Experience Bends to the Workforce, SAP Bends to Qualtrics
HR professionals — both leaders and practitioners — have been paying a lot of attention to the concept of employee experience over the last few years.
Changes imposed by the pandemic highlighted the importance of employee experience to an organization's growth and success.
As employers worked to create a more consistent approach to improving their employee relationships at every touchpoint, they focused their time, effort and spending on developing their relationship with their workforce. And that focus led to a hunt for reliable experience data.
An Unexpected Benefit
The Qualtrics XM Institute reports 72% of HR leaders said their company's senior executives are more focused on the employee experience today than they were prior to the pandemic, and about three-quarters (74%) said their teams are, as a result, more involved in the company’s strategic planning.
While this new employee-centric approach has helped businesses in many ways, it wasn't intended to be a long-term solution, Qualtrics stated.
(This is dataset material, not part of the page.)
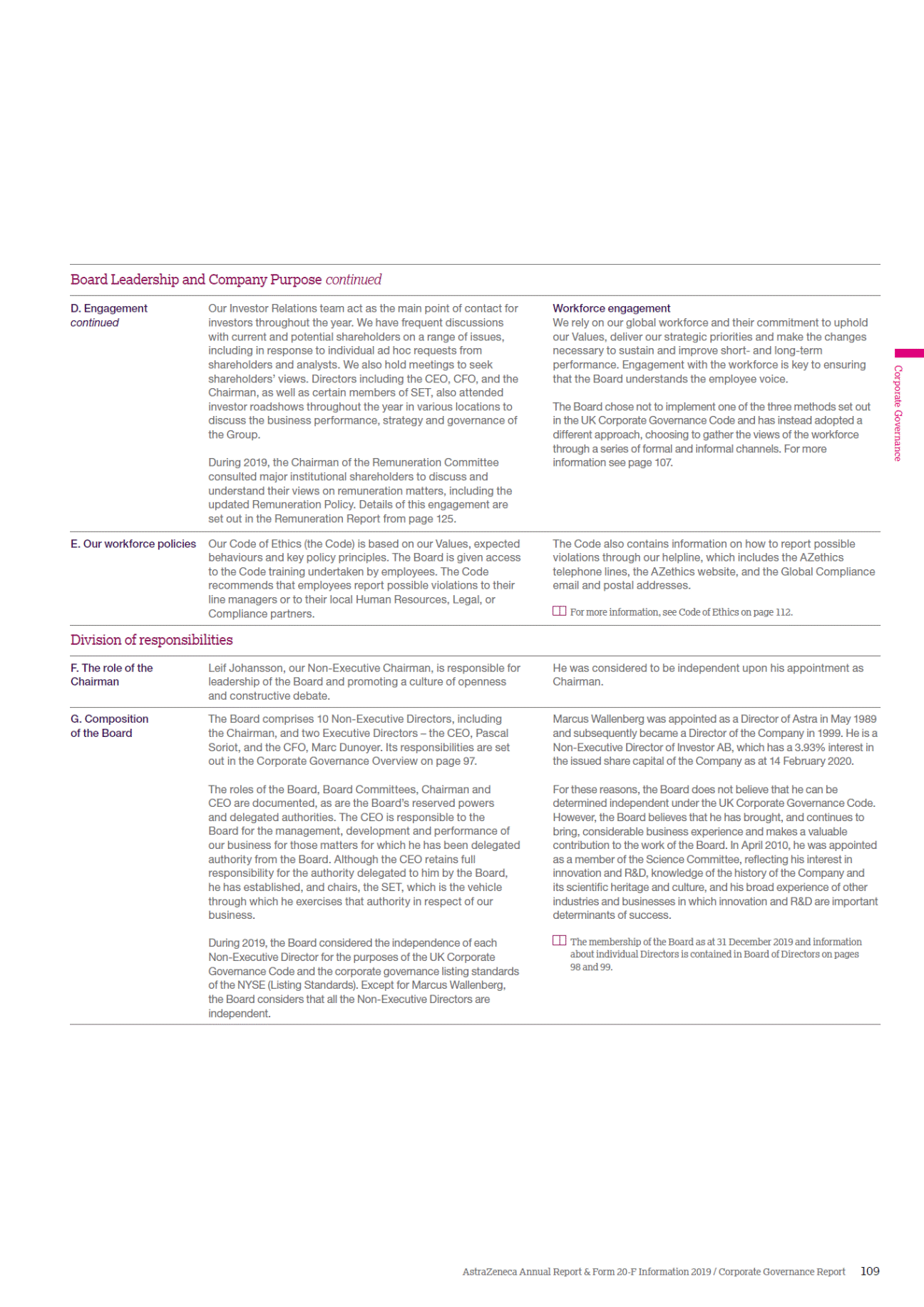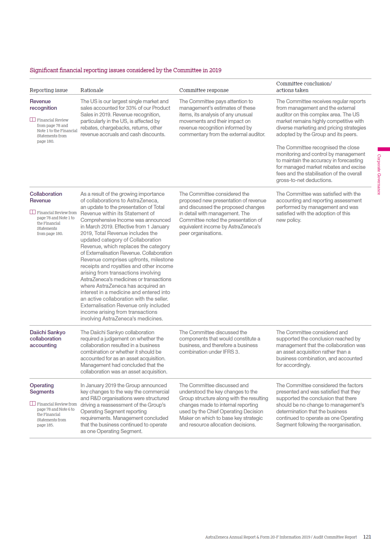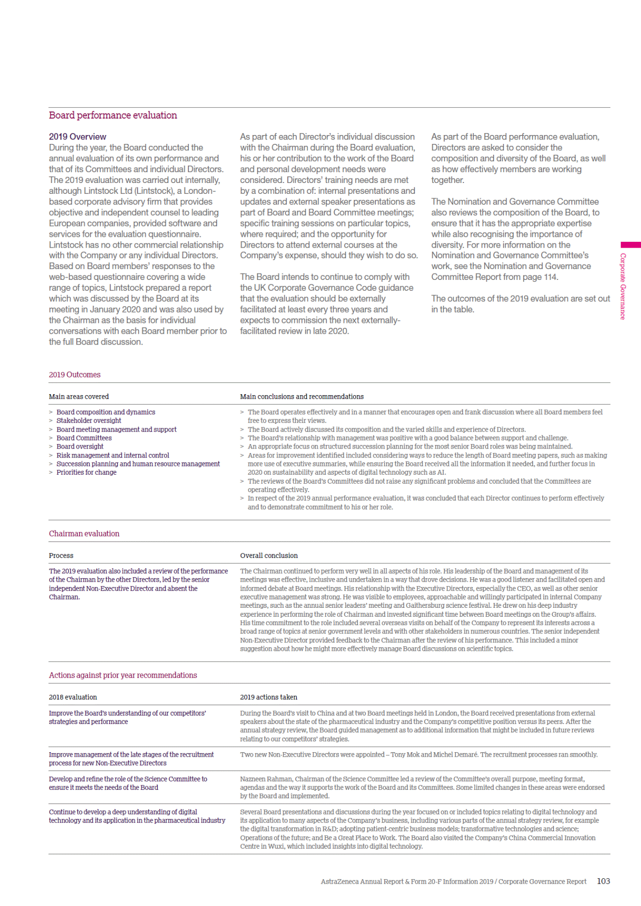Chairman’s Introduction Good corporate governance is a prerequisite for a well-run company and this Corporate Governance Report reflects the new regulations which encourage transparency in governance reporting and enhance understanding of how AstraZeneca is managed. “Transparency is another essential element in any well-run company. It is integral to the way AstraZeneca operates.” An engaged Board If good corporate governance is at the heart of a well-run company, it requires talented and committed Directors, like those we have at AstraZeneca, to bring it to life in the way they carry out their responsibilities. We were therefore delighted when Michel Demaré joined the Board as a Director in September. He has a great deal of industrial, financial and board-level experience across a range of sectors, including science and technology, that is enabling him to contribute well to the work of our Board and Audit Committee. Greater transparency Transparency is another essential element in any well-run company. It is integral to the way AstraZeneca operates – including the operation of the Board and its sub-committees. I would therefore urge you to explore the sections in this Corporate Governance Report that describe how the Board operates in a manner that encourages open and frank discussion, as well as how we engage with and consider the views of stakeholders and, in particular, how we engage with our talented workforce. In April 2019, to fund the upfront payment and near-term milestone payments under the transaction, repay a bond that was falling due, as well as for other corporate purposes, we raised approximately $3.5 billion through a placing of new Ordinary Shares in the Company. Our decision to fund the transaction with equity is in line with our capital allocation priorities which are to invest in the business, maintain a progressive dividend and retain a strong investment grade credit rating. It is also in line with our strategy of investing in assets with growth potential. Collaboration with Daiichi Sankyo and share placing In March 2019, we announced that we had entered into a global development and commercialisation collaboration agreement with Daiichi Sankyo for Enhertu. Enhertu is a proprietary antibody-drug conjugate which, in December, received accelerated approval in the US for the treatment of adult patients with HER2-positive breast cancer. We believe it could become a transformative new medicine in a number of other cancers. Appreciation In closing, I would like to thank all the Directors for their contribution to the Board’s deliberations and, more broadly, thank Pascal, Marc and the entire AstraZeneca team for their efforts which resulted in a year of innovation for patients in 2019, with the promise of more to come. Earlier in the year, Rudy Markham retired at our AGM after ten years on the Board. He had been an exceptional Director, latterly acting as our senior independent Non-Executive Director and chairing the Audit Committee. Graham Chipchase took over as senior independent Non-Executive Director at the start of 2019, while Philip Broadley succeeded Rudy as Chairman of the Audit Committee. I am grateful to them both, and to Nazneen Rahman who chairs the Science Committee, for taking on and discharging so ably these important additional responsibilities. Leif Johansson Chairman 96 AstraZeneca Annual Report & Form 20-F Information 2019 / Corporate Governance

What it did, however, is spotlight a number of organizational needs at play in the contemporary business market.
“The disruption of the past few years drove home how critical HR and people leaders are for keeping a business running,” said Cecelia Herbert, principal catalyst at the XM Institute. “They provide stability and support that employees need in times of uncertainty.”
Herbert believes HR and corporate leaders have zeroed in on experience in an effort to adapt to rapid change and, in the process, have realized the value that results from becoming a more human-centric organization.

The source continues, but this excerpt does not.